Pancakeswap launches 25x leveraged trading on stocks, on-chain
Pancakeswap is one of the most successful decentralized exchanges, native to Binance smart chain.
Ranked #23 in total value locked (TVL) with over $2 billion committed to the protocol, representing approximately 1.45% of DeFi’s $138.551B TVL market.
Pancakeswap is also a leading protocol in value moved, ranking #3 in fees generated in the past 30 days behind Circle and Tether.
Annually, the protocol has generated over $1.60 billion in fees, earning $410.59 million in revenue, based on data on DefiLlama.

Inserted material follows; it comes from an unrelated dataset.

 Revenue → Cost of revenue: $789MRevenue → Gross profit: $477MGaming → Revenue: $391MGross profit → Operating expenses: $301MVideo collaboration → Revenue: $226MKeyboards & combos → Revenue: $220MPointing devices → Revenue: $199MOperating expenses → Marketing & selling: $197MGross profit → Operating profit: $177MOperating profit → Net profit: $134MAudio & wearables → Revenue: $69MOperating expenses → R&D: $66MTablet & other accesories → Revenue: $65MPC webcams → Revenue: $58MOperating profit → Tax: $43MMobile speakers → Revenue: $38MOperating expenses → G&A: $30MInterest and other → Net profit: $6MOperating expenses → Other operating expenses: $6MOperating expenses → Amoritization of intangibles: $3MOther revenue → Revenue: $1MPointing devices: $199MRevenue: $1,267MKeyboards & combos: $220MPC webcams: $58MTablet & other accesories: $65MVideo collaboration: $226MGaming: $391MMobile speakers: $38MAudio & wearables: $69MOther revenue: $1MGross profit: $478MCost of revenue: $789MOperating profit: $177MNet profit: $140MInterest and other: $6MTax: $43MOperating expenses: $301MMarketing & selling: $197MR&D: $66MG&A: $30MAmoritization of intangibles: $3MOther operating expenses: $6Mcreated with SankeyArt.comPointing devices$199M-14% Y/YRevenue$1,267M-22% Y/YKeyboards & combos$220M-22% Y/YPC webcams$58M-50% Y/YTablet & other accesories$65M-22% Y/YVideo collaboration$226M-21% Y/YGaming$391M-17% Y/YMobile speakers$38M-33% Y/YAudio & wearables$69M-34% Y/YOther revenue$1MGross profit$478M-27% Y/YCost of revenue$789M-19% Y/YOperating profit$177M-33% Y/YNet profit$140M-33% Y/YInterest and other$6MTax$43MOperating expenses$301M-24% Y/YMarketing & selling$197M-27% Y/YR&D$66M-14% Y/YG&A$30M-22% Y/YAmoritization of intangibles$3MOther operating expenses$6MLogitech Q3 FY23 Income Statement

Pancakeswap is one of those successful products of DeFi that doesn't get praised enough due to memecoins and ponzi social projects taking the spotlight.

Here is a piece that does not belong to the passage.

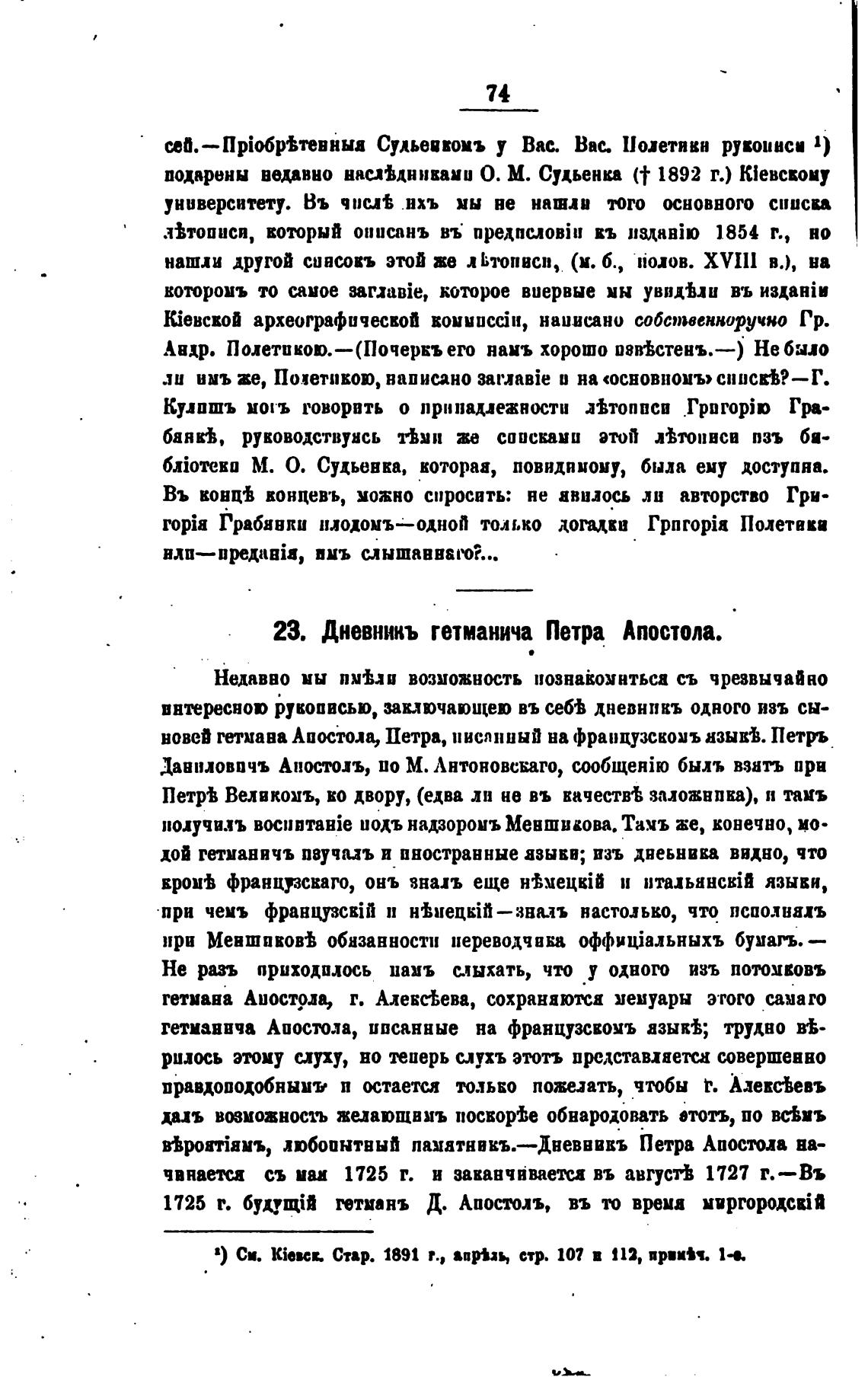 23. Дневникъ гетманича Петра Апостола.

On recent report, the decentralized exchange is joining the growing market of tokenized assets with its perpetual stock trading launch:
PancakeSwap, one of the largest decentralized exchanges on BNB Chain, has rolled out a new product line, stock perpetuals, allowing users to trade non-expiring derivatives tied to traditional U.S. equities such as Apple (AAPL), Amazon (AMZN), and Tesla (TSLA).
Announced on Tuesday, August 5, the launch marks PancakeSwap’s official entry into the expanding market for tokenized stocks, an emerging sector that blends decentralized finance (DeFi) with exposure to real-world equities.
According to the project’s blog, the new contracts are available on its perpetual trading platform, enabling users to go long or short with up to 25x leverage, all while maintaining custody of their funds through a connected crypto wallet on BNB Chain. – Cryptopolitan report
This launch is pivotal to attracting real world assets (RWAs) enthusiasts to Binance smart chain, seeing that the chain hasn't exactly had much exposure in the growing market.
Through pancakeswap, underserved individuals who are native users of Binance smart chain can now access and speculate on the price movement of traditional US stocks. It is important to note that these are not tokenized representations of US equities but synthetic derivatives which simply track the price movements of the underlying ticker, giving traders price growth exposure without ownership rights in the traded companies.